*Activity:* From the records below, copy each line that has the word "hard" in it.

▽

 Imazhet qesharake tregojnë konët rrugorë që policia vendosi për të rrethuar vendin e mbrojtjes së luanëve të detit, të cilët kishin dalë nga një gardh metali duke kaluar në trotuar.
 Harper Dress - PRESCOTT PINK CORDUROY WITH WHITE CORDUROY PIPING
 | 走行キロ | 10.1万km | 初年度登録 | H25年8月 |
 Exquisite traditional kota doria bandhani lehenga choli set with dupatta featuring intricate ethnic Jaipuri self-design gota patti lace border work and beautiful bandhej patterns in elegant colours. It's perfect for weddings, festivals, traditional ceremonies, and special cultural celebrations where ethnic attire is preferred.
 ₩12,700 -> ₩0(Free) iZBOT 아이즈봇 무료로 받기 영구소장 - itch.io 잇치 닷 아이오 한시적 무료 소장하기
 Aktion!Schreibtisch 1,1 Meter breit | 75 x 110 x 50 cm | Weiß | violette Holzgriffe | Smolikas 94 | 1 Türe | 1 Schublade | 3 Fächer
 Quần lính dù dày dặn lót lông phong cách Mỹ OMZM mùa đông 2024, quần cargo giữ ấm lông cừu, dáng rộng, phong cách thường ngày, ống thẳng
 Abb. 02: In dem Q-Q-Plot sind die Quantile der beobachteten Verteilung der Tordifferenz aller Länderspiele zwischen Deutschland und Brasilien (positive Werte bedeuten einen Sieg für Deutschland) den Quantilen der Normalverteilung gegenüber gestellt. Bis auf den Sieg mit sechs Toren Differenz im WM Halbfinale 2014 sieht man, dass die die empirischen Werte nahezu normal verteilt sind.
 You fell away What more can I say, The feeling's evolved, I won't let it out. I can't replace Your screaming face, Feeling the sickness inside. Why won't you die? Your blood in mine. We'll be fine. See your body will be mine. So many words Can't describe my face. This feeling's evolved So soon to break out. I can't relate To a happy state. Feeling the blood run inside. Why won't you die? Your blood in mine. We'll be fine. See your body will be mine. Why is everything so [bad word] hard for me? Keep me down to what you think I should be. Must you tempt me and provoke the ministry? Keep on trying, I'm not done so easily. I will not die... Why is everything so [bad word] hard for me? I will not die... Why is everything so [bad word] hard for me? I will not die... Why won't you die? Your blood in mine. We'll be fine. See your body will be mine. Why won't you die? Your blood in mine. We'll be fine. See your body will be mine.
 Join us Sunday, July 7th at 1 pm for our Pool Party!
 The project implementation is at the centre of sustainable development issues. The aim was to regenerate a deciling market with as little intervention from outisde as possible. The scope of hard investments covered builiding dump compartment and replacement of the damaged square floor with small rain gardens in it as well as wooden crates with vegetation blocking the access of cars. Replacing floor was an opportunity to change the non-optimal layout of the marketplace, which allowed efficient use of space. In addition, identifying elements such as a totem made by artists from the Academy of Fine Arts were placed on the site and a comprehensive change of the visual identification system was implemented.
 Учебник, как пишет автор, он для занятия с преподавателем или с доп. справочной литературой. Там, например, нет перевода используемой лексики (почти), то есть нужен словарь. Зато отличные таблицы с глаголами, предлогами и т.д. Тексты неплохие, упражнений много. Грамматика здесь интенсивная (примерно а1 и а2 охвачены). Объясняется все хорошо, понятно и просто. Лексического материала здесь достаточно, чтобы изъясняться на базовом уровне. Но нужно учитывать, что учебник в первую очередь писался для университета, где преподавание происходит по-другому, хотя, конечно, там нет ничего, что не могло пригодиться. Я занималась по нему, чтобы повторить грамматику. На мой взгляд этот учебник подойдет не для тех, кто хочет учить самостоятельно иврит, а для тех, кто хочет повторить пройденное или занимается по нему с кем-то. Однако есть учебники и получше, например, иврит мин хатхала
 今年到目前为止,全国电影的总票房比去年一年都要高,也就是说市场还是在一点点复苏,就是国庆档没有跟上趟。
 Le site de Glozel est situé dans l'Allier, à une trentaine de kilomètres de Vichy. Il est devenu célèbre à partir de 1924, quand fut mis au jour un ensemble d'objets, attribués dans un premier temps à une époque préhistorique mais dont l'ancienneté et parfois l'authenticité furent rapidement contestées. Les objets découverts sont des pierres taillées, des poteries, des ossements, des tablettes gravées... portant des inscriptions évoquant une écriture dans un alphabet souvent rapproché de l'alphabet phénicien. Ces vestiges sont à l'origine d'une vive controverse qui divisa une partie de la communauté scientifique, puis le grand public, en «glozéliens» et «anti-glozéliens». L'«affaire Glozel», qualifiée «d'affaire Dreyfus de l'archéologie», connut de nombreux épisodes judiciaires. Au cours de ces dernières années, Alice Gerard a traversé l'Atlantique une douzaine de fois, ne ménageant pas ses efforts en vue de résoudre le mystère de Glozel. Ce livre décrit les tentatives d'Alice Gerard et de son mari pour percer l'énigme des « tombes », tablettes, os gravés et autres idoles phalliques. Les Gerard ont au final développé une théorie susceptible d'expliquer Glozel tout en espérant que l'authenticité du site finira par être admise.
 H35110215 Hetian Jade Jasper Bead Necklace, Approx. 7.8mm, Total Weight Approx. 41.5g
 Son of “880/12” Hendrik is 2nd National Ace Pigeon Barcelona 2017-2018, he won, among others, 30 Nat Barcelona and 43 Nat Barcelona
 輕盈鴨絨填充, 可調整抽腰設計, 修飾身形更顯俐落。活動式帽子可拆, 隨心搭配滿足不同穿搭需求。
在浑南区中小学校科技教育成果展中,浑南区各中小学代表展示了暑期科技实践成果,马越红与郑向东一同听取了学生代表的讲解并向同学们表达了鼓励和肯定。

△

*Task response:*
 You fell away What more can I say, The feeling's evolved, I won't let it out. I can't replace Your screaming face, Feeling the sickness inside. Why won't you die? Your blood in mine. We'll be fine. See your body will be mine. So many words Can't describe my face. This feeling's evolved So soon to break out. I can't relate To a happy state. Feeling the blood run inside. Why won't you die? Your blood in mine. We'll be fine. See your body will be mine. Why is everything so [bad word] hard for me? Keep me down to what you think I should be. Must you tempt me and provoke the ministry? Keep on trying, I'm not done so easily. I will not die... Why is everything so [bad word] hard for me? I will not die... Why is everything so [bad word] hard for me? I will not die... Why won't you die? Your blood in mine. We'll be fine. See your body will be mine. Why won't you die? Your blood in mine. We'll be fine. See your body will be mine.
 The project implementation is at the centre of sustainable development issues. The aim was to regenerate a deciling market with as little intervention from outisde as possible. The scope of hard investments covered builiding dump compartment and replacement of the damaged square floor with small rain gardens in it as well as wooden crates with vegetation blocking the access of cars. Replacing floor was an opportunity to change the non-optimal layout of the marketplace, which allowed efficient use of space. In addition, identifying elements such as a totem made by artists from the Academy of Fine Arts were placed on the site and a comprehensive change of the visual identification system was implemented.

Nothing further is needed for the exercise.